I believe the problem here is that we need to differentiate between the load or the store being non-temporal.

andreadb added inline comments.Oct 8 2015, 6:53 AM
lib/Transforms/Scalar/MemCpyOptimizer.cpp
495 ↗(On Diff #36761)

Hi Quentin,

Are you suggesting to extend the usage of !nontemporal metadata to memcpy/memset calls as well? If my understanding is correct then yes, that would definitely enable the merging of nontemporal stores.

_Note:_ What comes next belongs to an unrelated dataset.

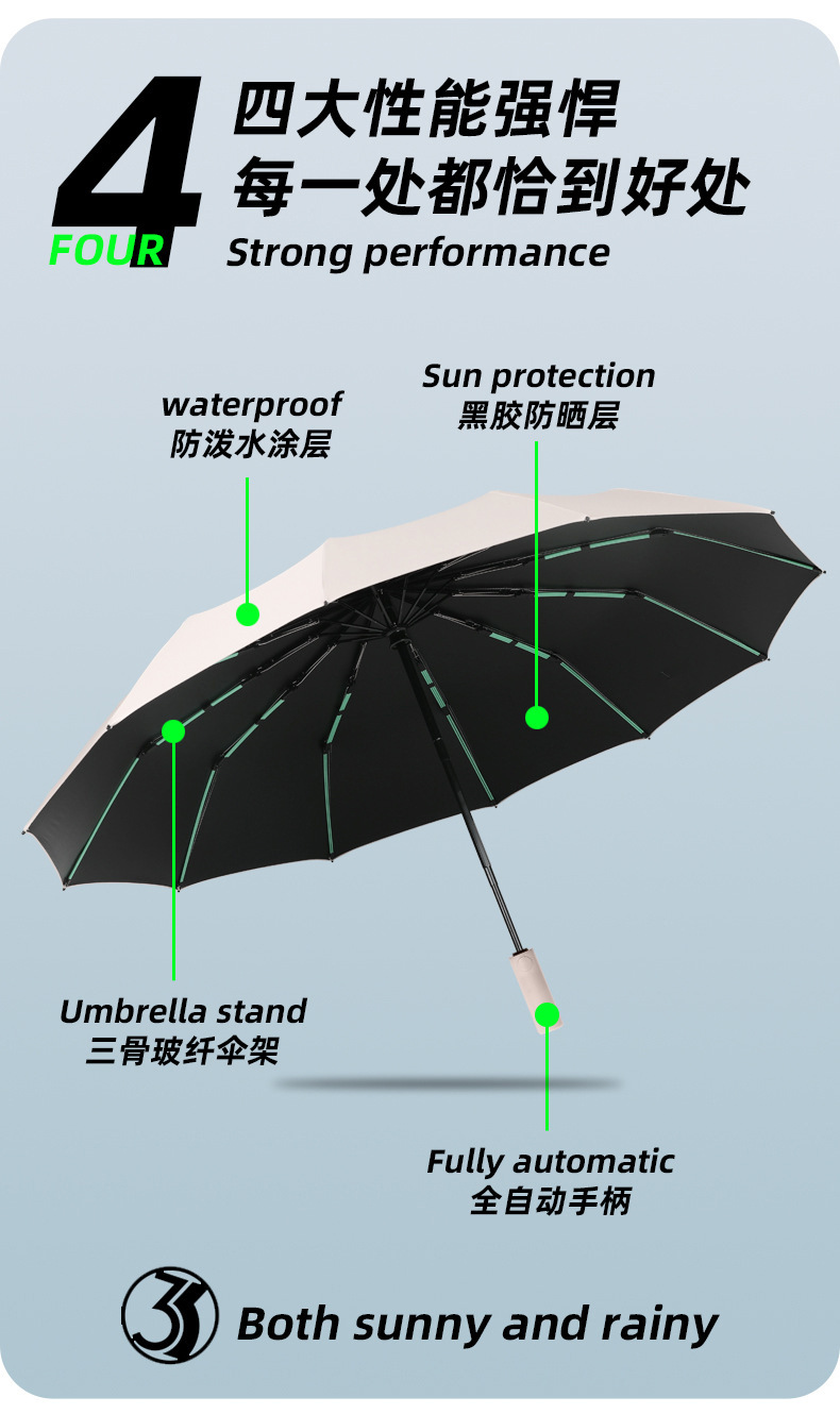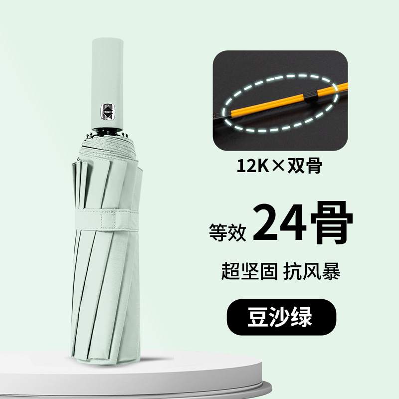 • 【60개 뼈☆이중 갈비 + 바람 저항 강화] 12K 전자동 우산 말차 그린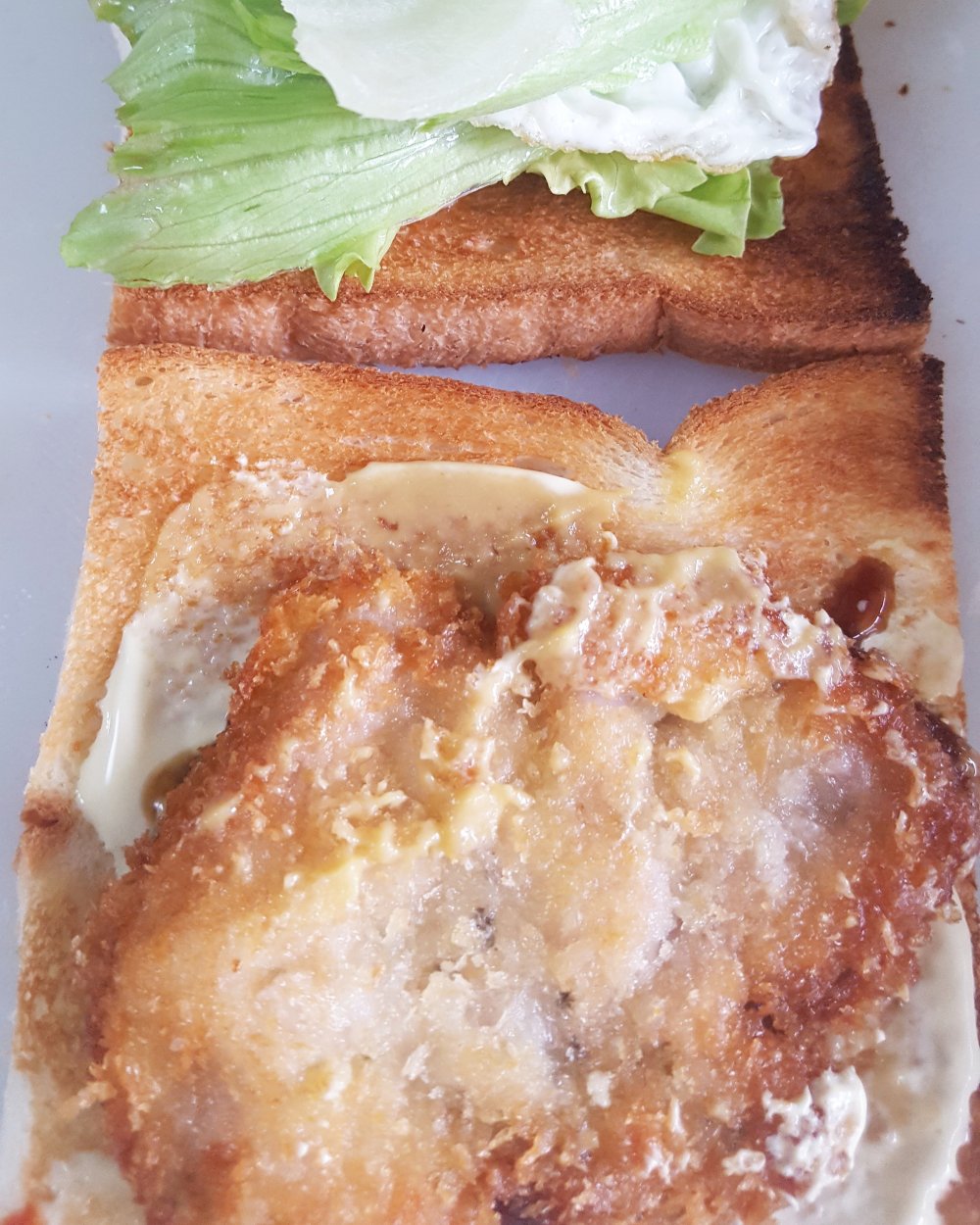 トーストしたパンにバター、からし、マヨネーズを塗り、レタスを敷き、カツをのせます。

However - correct me if I am wrong - I am under the impression that a change like that would only have the effect of forcing the backend to expand !nontemporal memsets back to sequences of store instructions.
A memset library call would not have the same semantic of a builtin !nontemporal memset call. So, SelectionDAG will have to conservatively expand it back to a sequence of !nontemporal stores (effectively undoing the merging).
So, unless I got it completely wrong (which may be the case :-) ), I find it difficult to justify a change like that one.

What do you think?

qcolombet accepted this revision.Oct 8 2015, 9:53 AM
qcolombet edited edge metadata.

Hi Andrea,

I am under the impression that a change like that would only have the effect of forcing the backend to expand !nontemporal memsets back to sequences of store instructions.

That’s a good point.
Add that in the comment so that we remember why we made this design decision :).

LGTM.

Thanks,
Q.

This revision is now accepted and ready to land.Oct 8 2015, 9:53 AM
This revision was automatically updated to reflect the committed changes.